J’ai eu la chance pendant mon doctorat de travailler avec un modèle de transfert radiatif qui permet d’estimer les proportions des minéraux constitutifs des régolithes planétaires. Bien que le but de ma thèse fût d’appliquer ce modèle dans un contexte de mine à ciel ouvert, j’ai pu me familiariser avec certains travaux en lien avec la géologie martienne. Ce domaine est particulièrement passionnant. Il excite l’imagination. Comprendre Mars, c’est aussi comprendre la Terre et peut-être l’origine de la vie.

Mon premier travail en tant que postdoctorant a permis de cibler des zones d’intérêt pour la présence de chapeaux de fer dans le pergélisol canadien (lire l'article publié par Clabaut et al., 2020). Ceux-ci peuvent être considérés comme des analogues à certaines formations géologiques martiennes. Leur étude devrait permettre de mieux comprendre les processus géologiques et, avec de la chance, biologiques, à l’œuvre sur la planète rouge.

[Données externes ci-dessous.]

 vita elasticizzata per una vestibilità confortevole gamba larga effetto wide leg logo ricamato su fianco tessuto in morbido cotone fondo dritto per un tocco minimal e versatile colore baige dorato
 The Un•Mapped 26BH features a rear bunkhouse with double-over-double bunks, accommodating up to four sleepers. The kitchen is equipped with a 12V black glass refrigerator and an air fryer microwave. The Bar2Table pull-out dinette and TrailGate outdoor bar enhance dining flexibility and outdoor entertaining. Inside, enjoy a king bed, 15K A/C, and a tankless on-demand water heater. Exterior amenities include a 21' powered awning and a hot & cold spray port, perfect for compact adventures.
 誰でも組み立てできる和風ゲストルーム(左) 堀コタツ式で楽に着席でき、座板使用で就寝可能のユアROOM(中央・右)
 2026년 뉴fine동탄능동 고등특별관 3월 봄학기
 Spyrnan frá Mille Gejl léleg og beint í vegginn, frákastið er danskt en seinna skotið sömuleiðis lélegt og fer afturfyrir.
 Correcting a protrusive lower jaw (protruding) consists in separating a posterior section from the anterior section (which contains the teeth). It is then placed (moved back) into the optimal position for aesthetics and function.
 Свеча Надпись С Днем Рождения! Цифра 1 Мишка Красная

Présentement, je me concentre sur une technique d’augmentation de la résolution spatiale d'images satellitaires à partir d’un réseau de neurones profond. En effet, les données des orbiteurs sont parfois manquantes, ou bien la résolution spatiale n’est pas suffisamment fine pour les travaux que l’on cherche à réaliser. Serait-il possible de « créer » de la donnée? Dans le domaine de la super-résolution, on dit que le modèle « hallucine » des détails dans l’image. Mais ces détails hallucinés peuvent-ils être exploités en télédétection? Apportent-ils de l’information pertinente ou n’est-ce qu’un vernis qui rend les images plus nettes?

J’espère que ces travaux apporteront une petite brique, bien modeste, dans nos connaissances sur la planète Mars, mais aussi sur le pergélisol canadien.